How long have you worked at Pier Point?
I have known Lorraine for decades, but I joined Paignton Pier Chippy – her original fish and chips venture – in 2019 when she was looking to expand to a second venue. This ultimately became Pier Point, which I migrated to fully in 2021. She often says I was the only person she could wholeheartedly trust to run her original “baby” the way she would while she was almost fully consumed with setting up – and taming – the bigger, “monster” venue of Pier Point. All the knowledge she gained, she passed on to me, and, like her, I have gotten more and more enthused about the industry over the years.
What are your responsibilities?
I am fully involved in the day-to-day running of Pier Point: recruiting, rotas, payroll and supplier liaison, but the main focus is team management.
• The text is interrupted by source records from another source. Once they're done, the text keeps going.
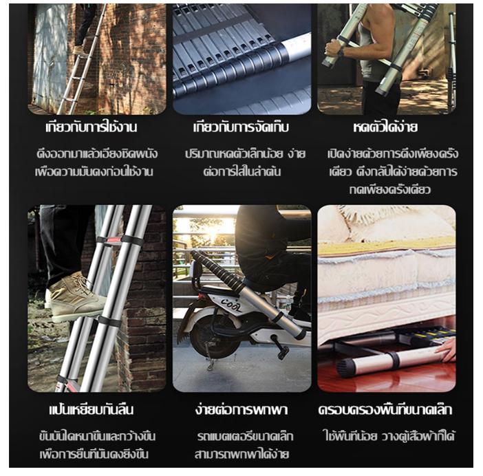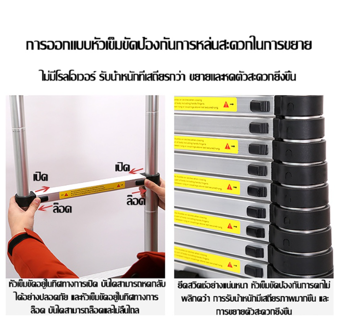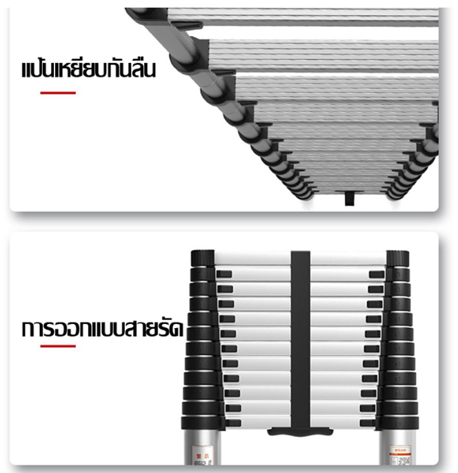 - บันไดแต่ละขั้นสามารถยืดได้และล็อคได้
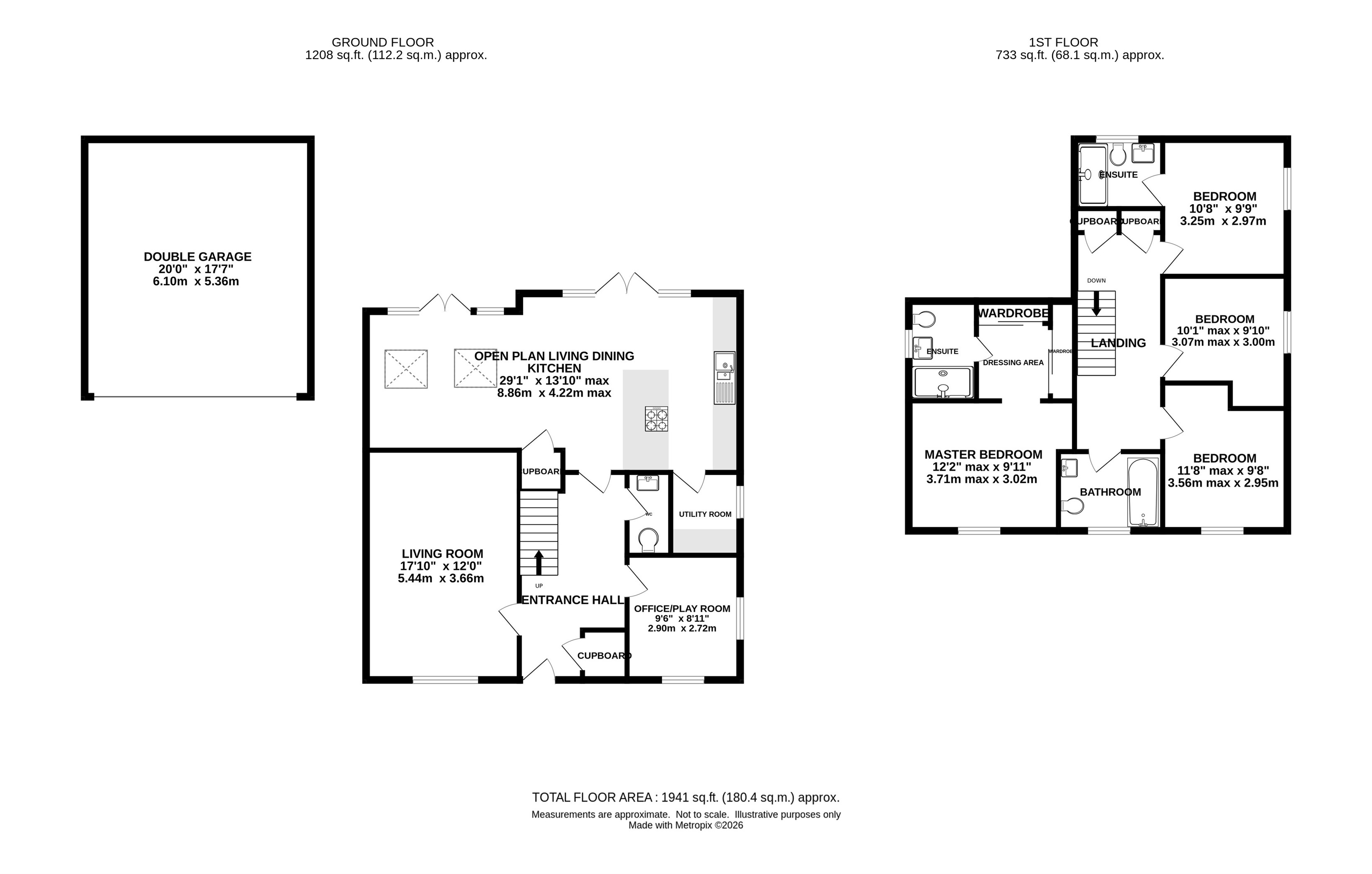 Spacious four bed detached home with double garage, impressive open plan living dining kitchen, three bathrooms (two en-suites), south facing garden, ample parking and open views in a sought after, peaceful location.
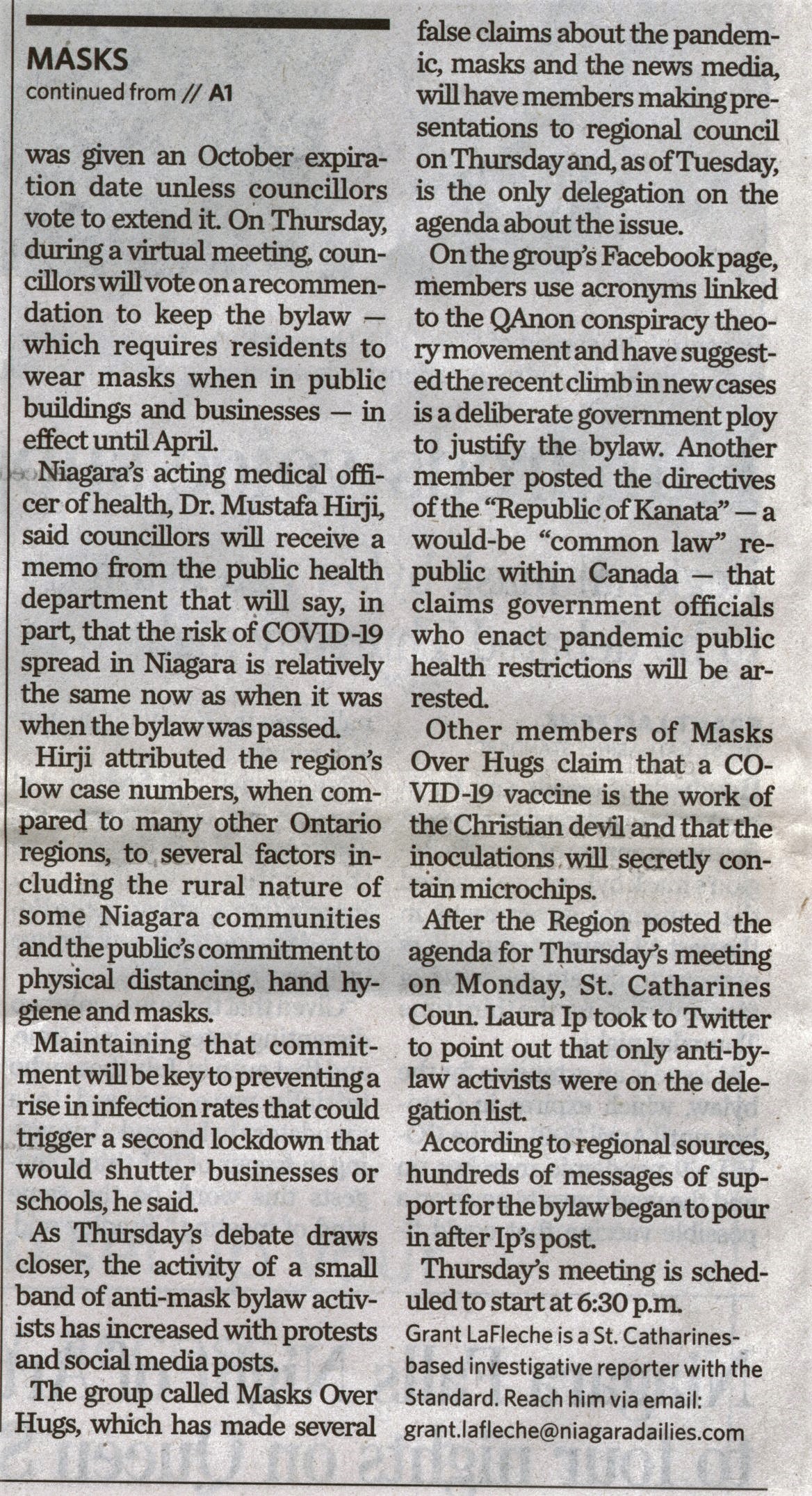 - COVID-19 pandemic / mask bylaw / Niagara Region / councillors to debate
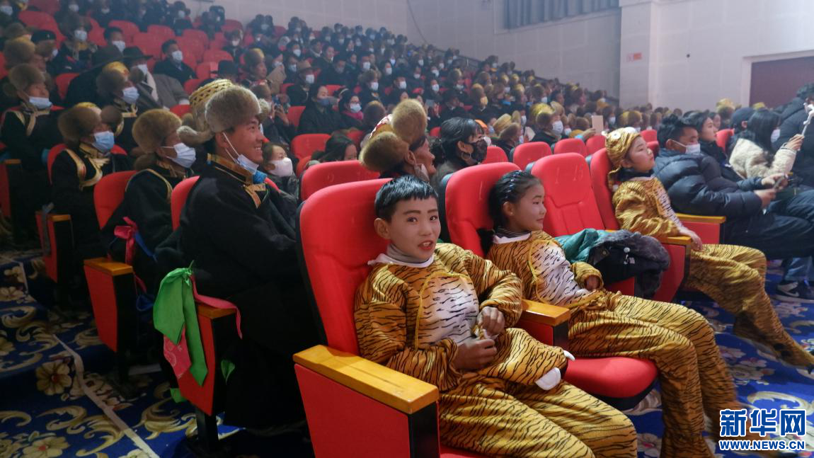 扎西曲登社區(qū)首屆藏歷新年晚會(huì)上,社區(qū)群眾在觀(guān)看節(jié)目(2月26日攝)。新華網(wǎng) 殷小燕攝
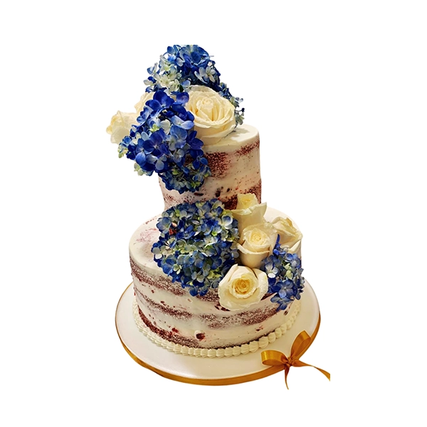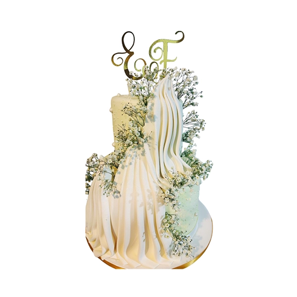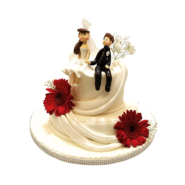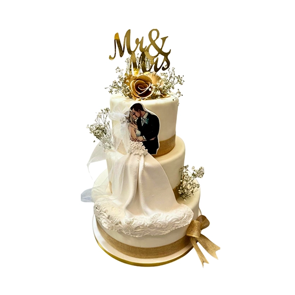 Torta de boda divertida y original, decorada con flores y elegantes detalles en color dorado. En la cima, una simpática pareja de novios roba todas las miradas: la novia aparece con el novio “amarrado”, como si lo hubiera secuestrado, aportando un toque de humor y complicidad al diseño. Ideal para parejas con personalidad, que disfrutan reírse del amor y celebrar su unión de una forma única y memorable.
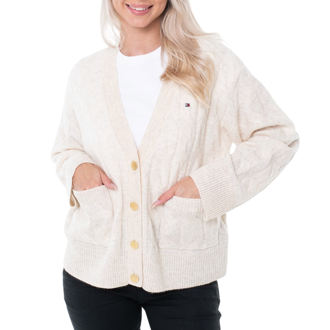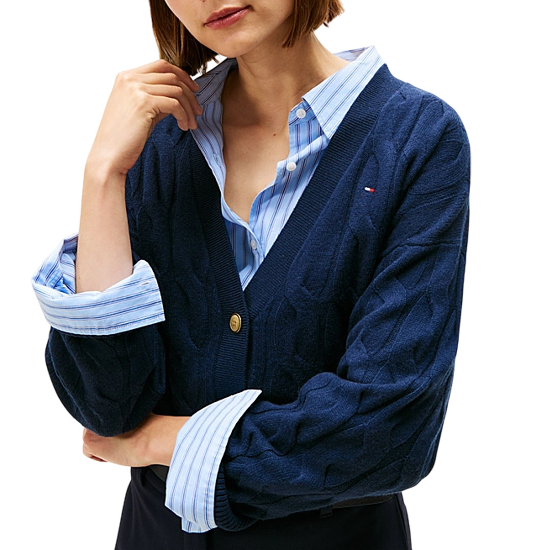 This timeless cardigan, crafted from a super-soft pure wool knit, has an oversized fit that's perfect for layering. • Pure wool • All-over knit • Gold buttons • V-neck • Button closure • Two front patch pockets • Ribbed collar, placket, cuffs, and hem • Embossed Tommy Hilfiger flag on the buttons • Tommy Hilfiger branding • Tommy Hilfiger flag embroidered on the chest • Oversized fit • Dropped shoulders
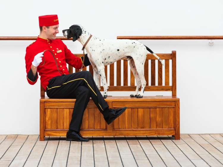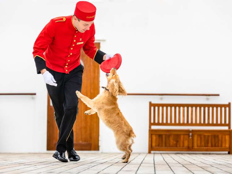 As a Cunard Kennels guest, your cat or dog will be treated to a complimentary portrait session with our ship’s photographer and Kennel Master. The Kennel Master will dress in our iconic red bellhop uniform for the photoshoot, and we’ll provide plenty of props for your pet to wear and play with, including a Queen Mary 2 life ring, a Cunard jacket, and a miniature bellhop hat.

I’m very hands on and like to lead by example, much like Lorraine, so am often on the fryer or jumping on a till, potwash or even rumbling and chipping potatoes if needed. There is always something to do in a chippy and I think if you show the team that you will get fully stuck in it inspires them to do the same.
What’s your favourite part of the job?
Seeing the team succeed both together and individually. It’s very rewarding to see people with potential who likely don’t have any experience in this field really come into their own and thrive. Similarly, we always try to promote supervisors and managers internally to show that hard work pays off. There is nothing better than an unexpectedly busy day when you look around and see the team you have finessed just throwing themselves into it, pulling together and supporting each other.


What’s your least favourite part of the job?
The worst part of the job is the quiet days! You would think that the relentless, full-on long summer days are the toughest to handle, but as I’m sure many others would agree, the hardest time is when perhaps the weather is against you, or for some unknown reason, footfall just drops and you are hanging on for that next order to pop up! We do, however, like to take the time in the quieter periods to dedicate more time to the customers in the restaurant or have a chat while they are waiting at the takeaway, as more often than not they are the locals who will help carry us through the fallow months.
What is it that you like about working at Pier Point?
Pier Point really stands for everything that is the best about the fish and chips world: high quality, sustainably sourced products, prepared and cooked with care, and served with a happy, welcoming smile. As I often say to the team, it’s not like you are selling insurance or a used car, it’s delicious, fulfilling, classic British food that we make sure is always top notch when it goes out.
How do you feel about being nominated as an Unsung Hero?
Very flattered! In a busy business like ours, you are always looking outwards and rarely take the time to look inwards and evaluate how well you are doing yourself. It’s nice to be acknowledged…and I don’t think I’m doing too badly!